Написал Л. Володин пьесу «Пять вечеров», действие кото­рой происходит только по вечерам, — автору был брошен упрек в сумеречных настроениях. Но он ведь написал эту пьесу о любви, о трудном пути к счастью немолодой, но удивительно нравственно цельной женщины. Пьеса грустная, хотя кончается хорошо. Раз грусть — значит пессимизм! Горе, грусть, печаль частью критиков почему-то признаны синонимом упадочни­чества. В «Пяти вечерах» два хороших человека едва не про­шли мимо своего счастья. Они нашли его, но нашли поздно. И разве не грустно и не должно быть грустно при мысли о том, как много они украли у самих себя?

В пьесе «Пять вечеров» нет героев, совершающих открытия, героические подвиги. Обыкновенные люди — мастер цеха, шо­фер, студент, телефонистка с переговорной, инженер-химик — заставляют себя, своих друзей, своих любимых жить чище, лучше, честнее. За такие подвиги не награждают орденами, о них незачем писать в газетах. Но пьесы о них писать надо. И играть их надо. Это пьесы и спектакли о тех, кто в иных обстоятельствах непременно обнаружит силы и мужество для са­мого высокого патриотического подвига.

Конечно, героизм Тамары ничем не похож на героизм Ко­миссара из «Оптимистической трагедии». Но мне дороги обе эти женщины. Почему Тамару надо записать в «дегероини»? Только потому, что она живет в коммунальной квартире, а не в военной палатке? Тамара не менее цельная натура, чем Нила Снижко из «Барабанщицы» А. Салынского. Авторы выбрали разное время, разные обстоятельства, разные конфликты. Это их неотъемлемое право. Но разве не для того погиб Комиссар, не для того рисковала жизнью Нила, чтобы потом, через много лет, в мирных условиях люди жили но высоким нравственным законам?

Поскольку вокруг каждой пьесы А. Володина возникал яро­стный спор, мне представляется необходимым перевести раз­говор о его драматургии из области общих рассуждений в кон­кретную творческую сферу и серьёзно разобраться в качестве и существе того нового, что внес он в современную драматур­гию, в особенностях его индивидуальной писательской стили­стики. В пьесах А. Володина мы столкнулись с действительно новым качеством, непривычным, не укладывающимся в устано­вившиеся литературно-театральные понятия, которыми мы при­выкли оперировать. Естественно, что в произведениях А. Володина есть и незавершенность, и рудименты старого, и просто

 

 

неудавшееся — вряд ли может возникнуть сразу произведение безупречное во всех отношениях, некий классический образец нового. Драматург ищет, у него нет желания удивить и поноваторствовать, а освободиться от привычных догм, ограничива­ющих свободу творческого мышления, непросто. Но не об этих элементах привычного должна идти речь, а о том принципи­ально новом в драматургии Володина, что таит в себе перс­пективу ее развития и совершенствования.

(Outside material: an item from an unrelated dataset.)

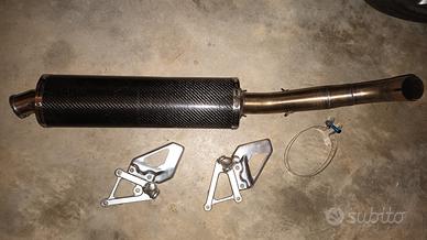 Vendo terminale di scarico in carbonio per Honda vtr sp1, regalo anche pedaline. Scarico non separabile dal terminale. Misura imbocco collettore, 4.6 cm. Terminale perfetto anche per chi vuole adattarlo alla propria moto, o farlo custom. Vendo a 50 euro NON trattabili. No perditempo. Eventualmente per la spedizione, io spedisco solo con Poste Italiane, pacco tracciato e assicurato al costo di 10€.

Пьесы Володина опираются на жизнь и на сегодняшнюю психологию' людей, в них есть живое ощущение современности, стремление уйти от предвзятости в восприятии действительно­сти. Поэтому их появление сопровождалось противоречивыми суждениями. Не удивительно, что драматург уже давно стоит в центре внимания нашей театральной общественности, что о его пьесах спорят, что у них есть стойкие, верные защитники и непоколебимые противники. Удивительно то, что, написал несколько пьес, Володин создал свой особый образный мир и населил этот мир хорошими, своеобразными людьми, скром­ными и умными, простыми и сложными в одно и то же время.

С моей точки зрения, новое в пьесах Володина заключается прежде всего в своеобразии человеческих характеров, в природе конфликта, в свежести, непредвзятости восприятия жизни и в умении показать увиденное в его глубокой сложности и первозданности, а не через призму традиционных литературно-театральных реминисценций, многократно повторенных до него другими.

В его пьесах все кажется обыденным, его герои не совер­шают героических поступков, но в них живет постоянная готов­ность к подвигу в самых сложных обстоятельствах. Эти люди никогда не совершат дурного, потому что они наделены огром­ной нравственной силой, потому что они неспособны думать только о себе, они живут среди людей и для людей. Вниматель­ность к людям и желание поделиться с ними всем, что есть в самом себе хорошего, желание дать им больше того, что ты можешь дать, освещает всех его героев светом большого гума­низма, свойственного нашему времени, нашей эпохе, нашему обществу. В его ничем не примечательных на первый взгляд героях раскрываются незаурядные человеческие таланты.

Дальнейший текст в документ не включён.